Step 1: Create a service account

In this step, you'll create a Sumo Logic service account, which is required to create an OAuth client. Alternatively, you can use an existing service account.

  1. Log in to Sumo Logic and follow the steps here to create a service account. For the purpose of MCP setup, it may be easiest to select an admin role so that API requests are not blocked.
  2. Get a list of all service accounts in your org and find the "id" of the service account you just created. You'll use it in the next step.
    curl -u "<accessId>:<accessKey>" \
    https://api.sumologic.com/api/v1/serviceAccounts

Step 2: Create an OAuth client

In this step, you'll create an OAuth client under your service account.

note

UI support for this step is not yet available. You'll need to use the Sumo Logic API.

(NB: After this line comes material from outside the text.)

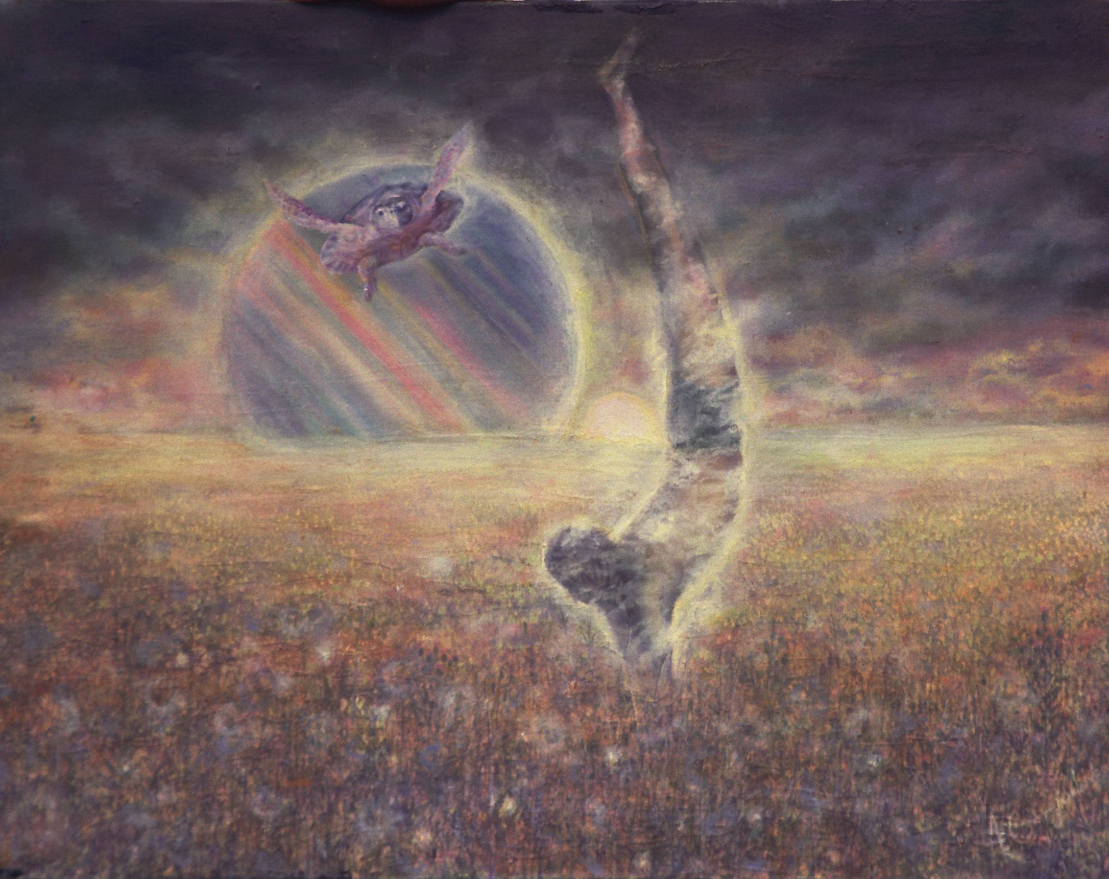 Na obrazie widać fascynującą scenę, gdzie niebo, zdominowane przez ciężkie chmury i wibrujące barwy zachodu słońca, zderza się z tajemniczym polem pełnym kolorowych kwiatów. Na pierwszy plan wysuwa się sylwetka nurkującej postaci, która zdaje się być wykonana z samego światła, a jej kontury migoczą jakby były żywym płomieniem. Nad nią unosi się majestatyczna sowa, a wokół niej krążą tęczowe smugi, które przypominają nieziemski "portal" do innego świata. Atmosfera obrazu jest magiczna i pełna niedopowiedzeń. Czuć pewną tajemniczość i spokój, ale jednocześnie coś, co przypomina mgnienie napięcia. Artysta eksperymentuje z grą światła i cienia, używając techniki malowania, która łączy impresjonizm z surrealizmem, tworząc dreamlike pejzaż, który zatrzymuje na chwilę dech w piersiach. Obraz może wywoływać w odbiorcy uczucie zachwytu i enigmatycznej refleksji. Może zastanawiamy się nad istotą człowieka i zwierząt w kontekście natury i kosmosu. Czy to niebo, czy jakaś magiczna kraina? To pytanie, które zadałby pewnie każdy maluch z dziecięcą ciekawością. Emocje tu płyną szerokim strumieniem, dając nam moment na oddech i spontaniczne think. Patrząc na to piękno, myślę o tym, jak często umyka nam magia codzienności. To są chwile, które przypominają, jak ważne jest, żeby zatrzymać się i po prostu spojrzeć, zobaczyć więcej niż to, co widać na pierwszy rzut oka.

  1. Get a list of available OAuth scopes and decide which ones you'd like to assign to your OAuth client. The scopes you request here must already be included in your service account's effectiveScopes field.

    How are scopes enforced?

    The permissions granted to an OAuth client are limited to the intersection of:

    • The roles (RBAC capabilities) assigned to the service account.
    • The scopes assigned to the OAuth client.

    This prevents privilege escalation. If the service account's roles are restricted in the future, the OAuth client's effective permissions are automatically reduced as well. If a requested scope is not included in the service account's roles, it will be silently excluded from the OAuth client's effective permissions.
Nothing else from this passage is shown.